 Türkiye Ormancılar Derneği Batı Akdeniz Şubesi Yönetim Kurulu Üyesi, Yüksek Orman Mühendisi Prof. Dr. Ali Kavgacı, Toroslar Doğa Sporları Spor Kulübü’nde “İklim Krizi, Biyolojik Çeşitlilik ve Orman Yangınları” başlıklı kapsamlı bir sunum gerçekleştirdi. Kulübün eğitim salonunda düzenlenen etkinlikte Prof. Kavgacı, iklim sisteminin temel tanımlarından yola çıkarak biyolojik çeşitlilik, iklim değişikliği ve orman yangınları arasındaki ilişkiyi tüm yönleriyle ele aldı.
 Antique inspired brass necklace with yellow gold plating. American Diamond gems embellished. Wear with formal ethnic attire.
...
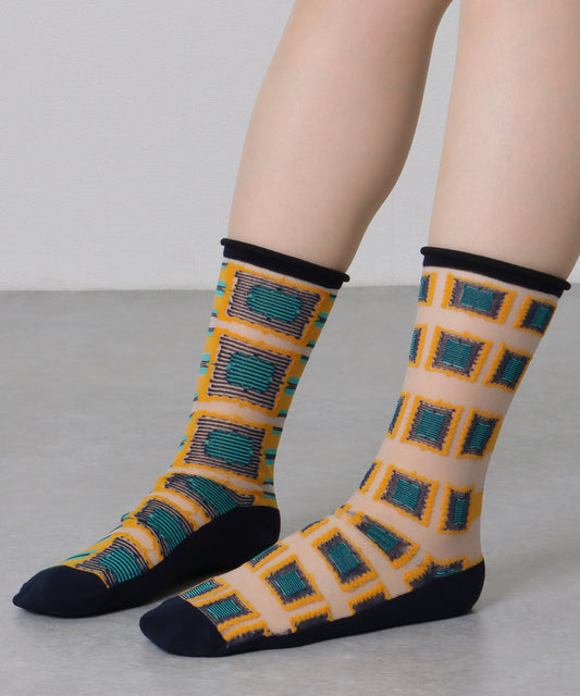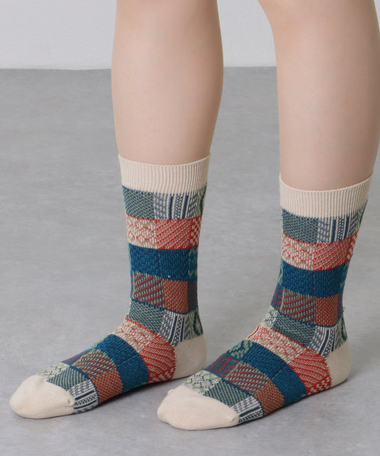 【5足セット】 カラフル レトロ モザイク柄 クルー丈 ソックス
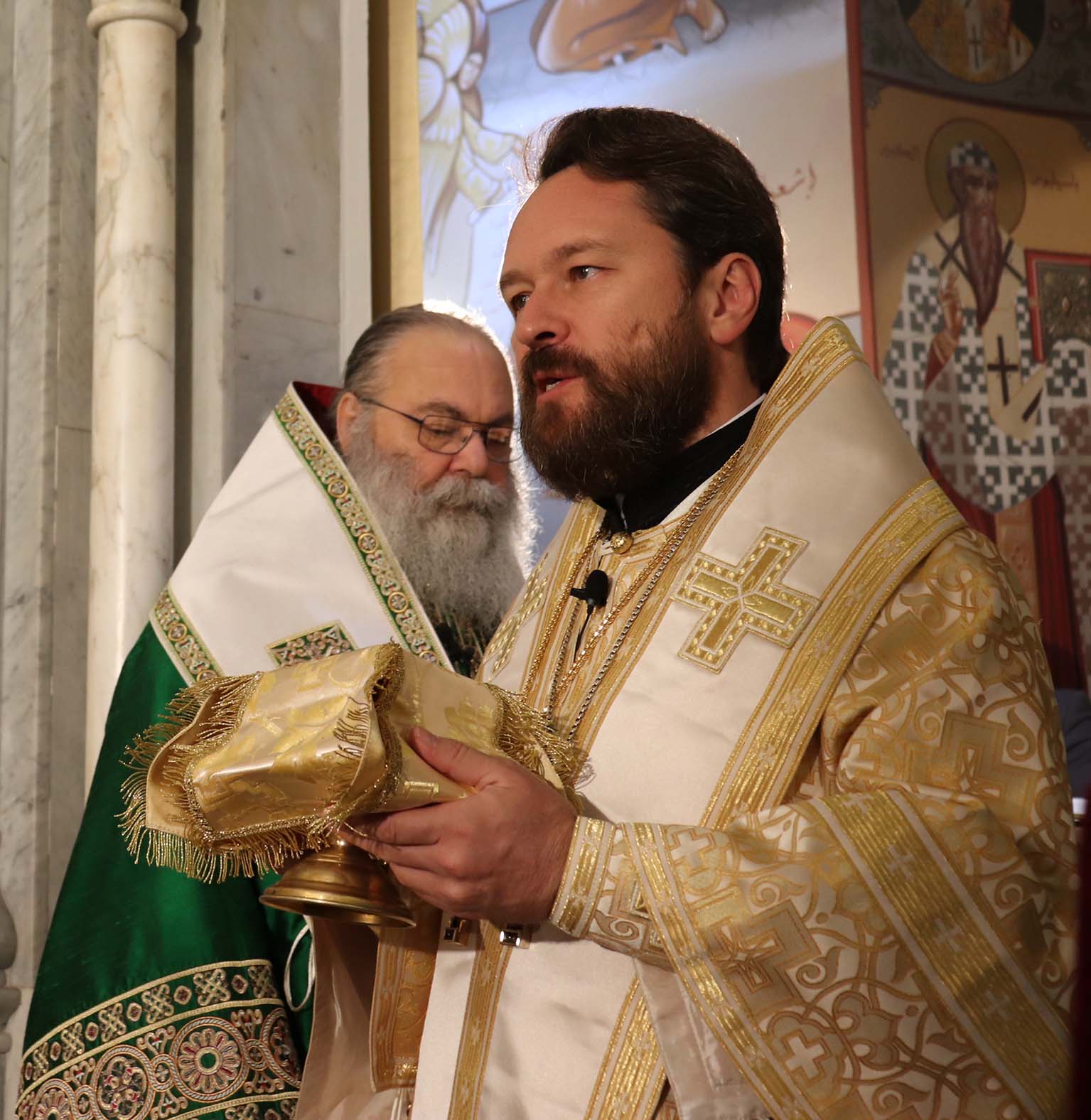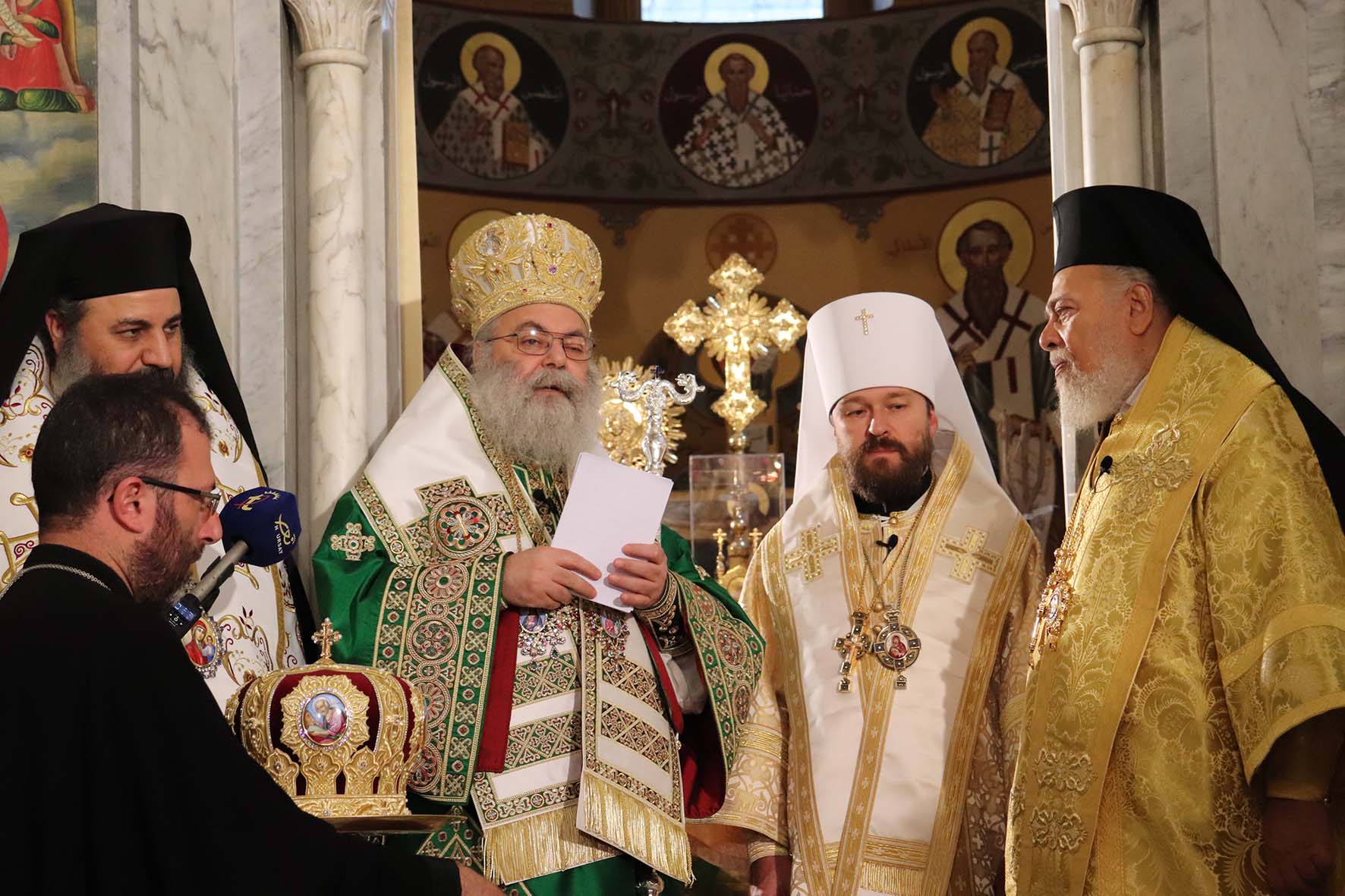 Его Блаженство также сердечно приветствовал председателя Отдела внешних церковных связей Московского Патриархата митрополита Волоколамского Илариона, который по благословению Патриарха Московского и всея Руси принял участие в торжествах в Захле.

■ **Required work**:
Reproducing the whole listing above is not the task. Copy exactly only the lines from the one with "Türkiye Ormancılar Derneği" to the one with "Antique inspired brass", both kept.

■ **Task response**:
 Türkiye Ormancılar Derneği Batı Akdeniz Şubesi Yönetim Kurulu Üyesi, Yüksek Orman Mühendisi Prof. Dr. Ali Kavgacı, Toroslar Doğa Sporları Spor Kulübü’nde “İklim Krizi, Biyolojik Çeşitlilik ve Orman Yangınları” başlıklı kapsamlı bir sunum gerçekleştirdi. Kulübün eğitim salonunda düzenlenen etkinlikte Prof. Kavgacı, iklim sisteminin temel tanımlarından yola çıkarak biyolojik çeşitlilik, iklim değişikliği ve orman yangınları arasındaki ilişkiyi tüm yönleriyle ele aldı.
 Antique inspired brass necklace with yellow gold plating. American Diamond gems embellished. Wear with formal ethnic attire.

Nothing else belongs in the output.